India's Special Investigation Team investigating the Sabarimala temple gold theft has filed a comprehensive report with the Kerala High Court formally naming former Travancore Devaswom Board president PS Prashanth, Sabarimala Thantri Kandaru Rajeevaru, sponsor Unnikrishnan Potty, and five others as accused in the case. The investigation team presented its findings on June 29, detailing what authorities describe as an elaborate scheme involving multiple conspirators, deliberate misrepresentation of temple assets, and attempts to conceal evidence of large-scale financial impropriety at one of South India's most prominent Hindu pilgrimage sites.

The accused roster includes deceased former Executive Officer Murari Babu as the primary accused, alongside current and former TDB officials. Chennai-based Smart Creations proprietor Pankaj Bhandari, TDB member A Ajikumar, Thiruvabharanam Commissioner Rajilal, and the late Murari Babu complete the list of individuals against whom charges have been filed. The breadth of accusations suggests investigators believe the conspiracy operated across multiple institutional levels and extended well beyond isolated misconduct by junior staff members.

Central to the investigation's findings is the narrative of gold replating work conducted on the Dwarapalaka guardian deity idols. According to the SIT report, these sacred objects, originally encased in substantial gold plating applied in 1998, were transported to Chennai in 2019 under arrangements made by Unnikrishnan Potty. During this first transfer, investigators allege that the thick original gold coating was systematically removed and substituted with thin gold plating, with the substantial quantity of removed gold being misappropriated and diverted outside official temple channels.

To prevent immediate discovery of the alleged theft, the conspirators reportedly issued a falsified forty-year quality assurance certificate. This measure temporarily obscured the inferior nature of the replacement work. However, the degraded plating quality manifested rapidly, with the copper substrate becoming visible within months of the idols' return to the temple. This visible deterioration created circumstances that forced the accused to devise an additional strategy to mask the original fraud.

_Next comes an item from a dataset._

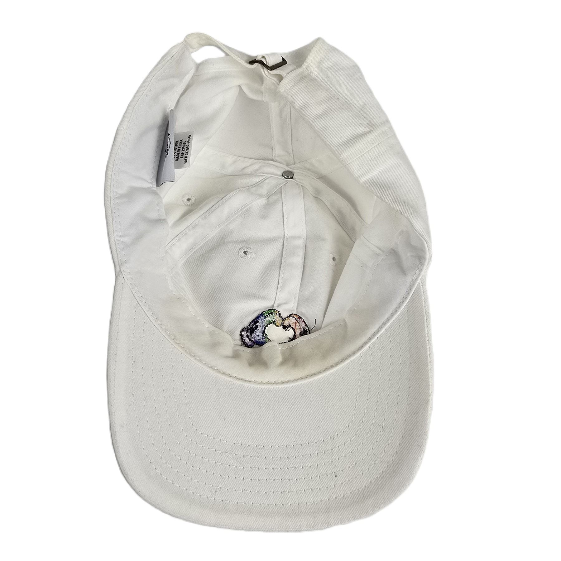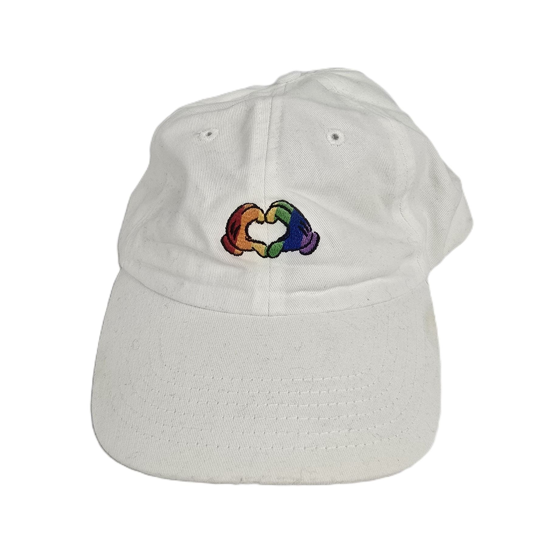(Disney) This is a white hat with rainbow Mickey hands on the front. It is used and in good condition with very light staining on the sweatband. It is one size fits most and weighs 2 oz.

The investigation reveals that rather than acknowledge the 2019 theft, the accused allegedly orchestrated a second transfer of the idols to Chennai in 2025, purportedly for fresh gold replating work. The SIT characterizes this 2025 action as a deliberate cover-up operation designed to obscure evidence of the earlier massive gold theft by creating the appearance of routine maintenance work. This second transfer allegedly occurred following PS Prashanth's appointment as TDB president, during which period Unnikrishnan Potty reportedly cultivated influence over the board's decision-making processes.

Investigators documented a pattern of deliberate mischaracterization of the Dwarapalaka idols in official documentation. The report states that TDB members and officials intentionally classified these precious temple artifacts as simple copper plates in transit permits and administrative records, thereby concealing their actual value and avoiding the stringent judicial oversight and legal procedures that would ordinarily apply to the movement of objects of significant religious and monetary worth. This misrepresentation appears designed to facilitate unimpeded transfer of the idols outside the temple's normal administrative and security protocols.

The Kerala High Court granted the SIT authority to register a fresh criminal case specifically concerning the alleged 2025 replating fraud. The court's decision to permit this additional case registration indicates that judicial authorities found the team's evidence and investigative conclusions sufficiently substantial to proceed against the named accused members. The court also directed that should additional credible evidence emerge against any of the accused during ongoing investigation, the SIT should file supplementary charge sheets in accordance with legal procedures.

The investigation into related components of the alleged temple theft has progressed unevenly. The SIT has completed its examination of allegations concerning the Sreekovil sanctum sanctorum doorframes and filed its final charge sheet in that portion of the case. However, investigators have sought additional time from the court to finalize their examination of matters relating to the Dwarapalaka idols, suggesting that the scope and complexity of the fraud involving the guardian deity statues exceeds that of the doorframe investigation.

This case carries implications extending well beyond the immediate criminal investigation. The alleged fraud involves respected institutional figures, complex coordination across temple administration and external commercial partners, and systematic falsification of records spanning multiple years. For Southeast Asian readers, particularly those familiar with Hindu temple governance structures, the case illustrates vulnerabilities in asset management systems even at major religious institutions with substantial public oversight. The investigation's findings underscore how sophisticated frauds can persist when institutional safeguards, documentation practices, and accountability mechanisms contain structural weaknesses that multiple conspirators can exploit collaboratively.